How do you use technology to create meaningful experiences for your customers?

First of all, we have created a whole new division, Arca InnovAction Lab, dedicated to technology, data and processes. This ensures projects are delivered quickly and they are free to leave bad past practices behind., Arca’s website, provides distributors with detailed information on clients’ portfolios, asset under management and subscription/redemption requests. It monitors aggregate selling data offering to our partners a suite functions and analytics to track commercial campaigns. And if the banks branches need assistance, they may ask Sara, our digital chatbot. A broad and timely multimedia production, covering exclusive reports, comments, presentations, videos, webinars and newsletters is also available on the website.

Customers, subscribing Arca’s funds through its distributors’ network, may access Arcaclick, a dedicated area on With Arcaclick the client can easily browse through her portfolio of funds, analyze its characteristics, view transactions and historical funds’ performance in customizable views. Arcaclick is also a powerful source of information on Arca product range: Prospectus, KIIDs and other literature is easily accessible along with news, comments and reports.

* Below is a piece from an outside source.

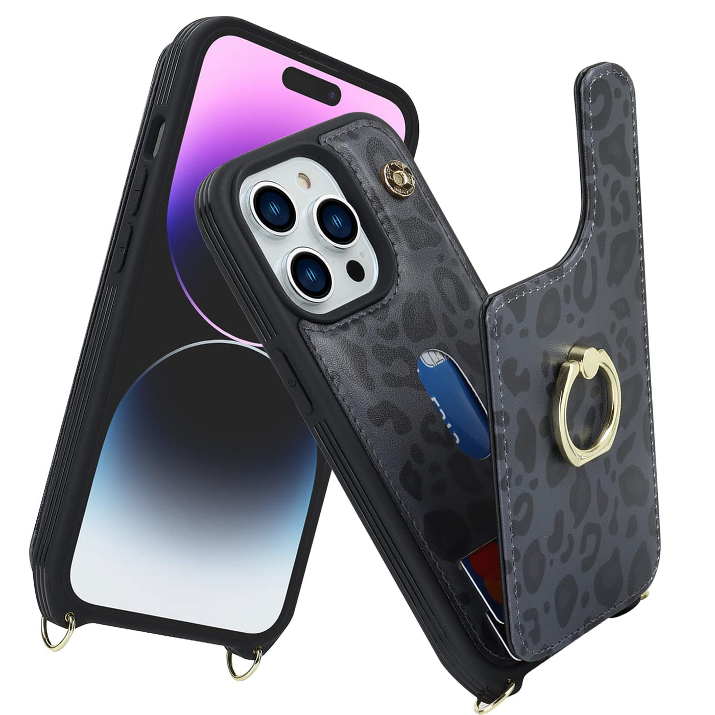 Lipvina For Iphone 14 Pro Case With Card Holder For Women,Phone Case With Strap,Crossbody Lanyard,Ring Stand,Snap Clasp,Cute Wal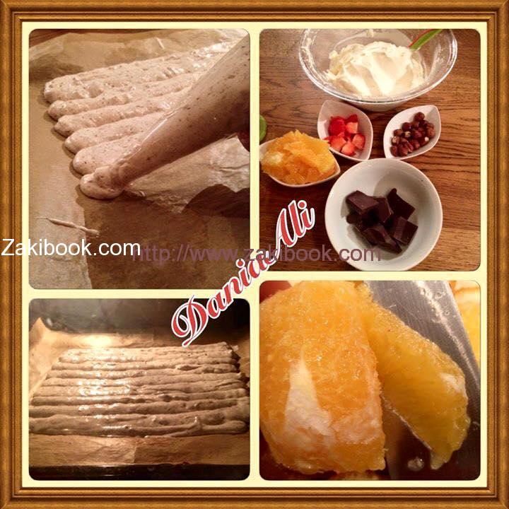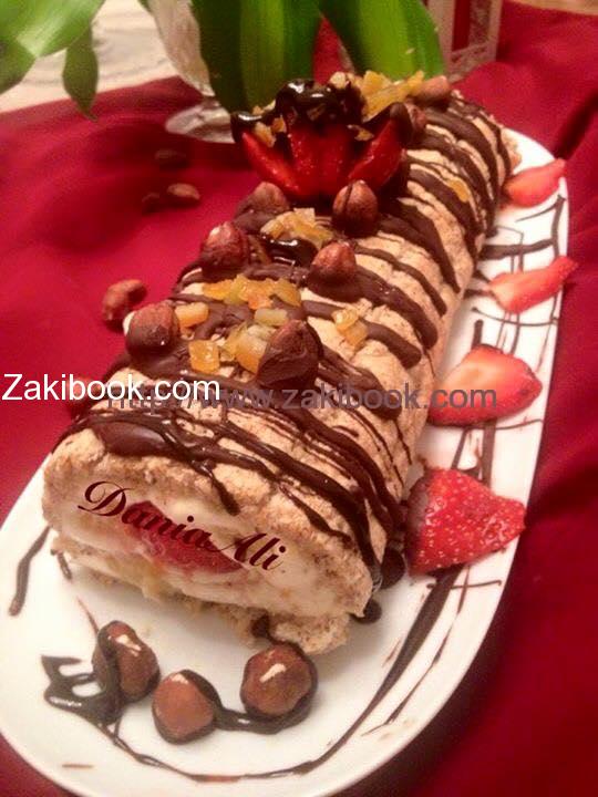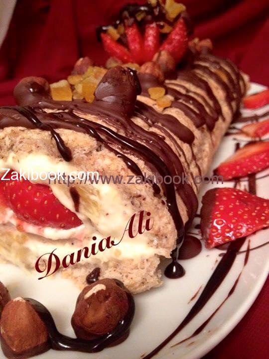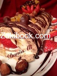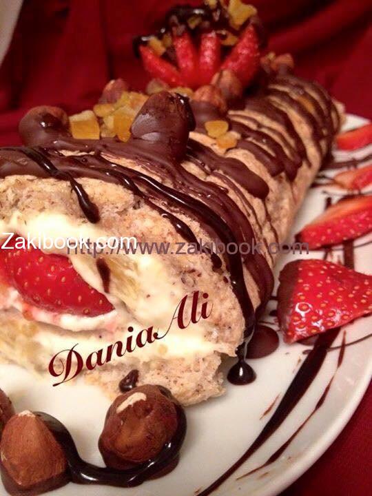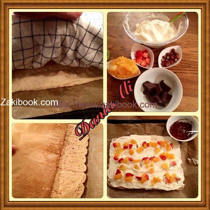 واحشيها بالكريمة المخفوقة والفواكه و لفيها وضعيها بالثلاجة لمدة ساعة حتى تبرد.

Arcaclick may also be accessed via Arca Fondi App, a free application for mobiles and tables, running on both iOS and Android. Available 24/7 and in mobility, Arcaclick gives clients the opportunity access information, news and details of their personal portfolio anytime and anywhere.

What key trends will drive pension growth in 2020 and beyond?

The Italian market for pension funds is still very small and therefore there is a great opportunity to grow. Arca Fondi manages the biggest open ended Italian pension fund and it’s been constantly at the top of its rankings. As people and workers are looking for yield and to weather short term volatility, the pension fund is very well poised to profit from this trend.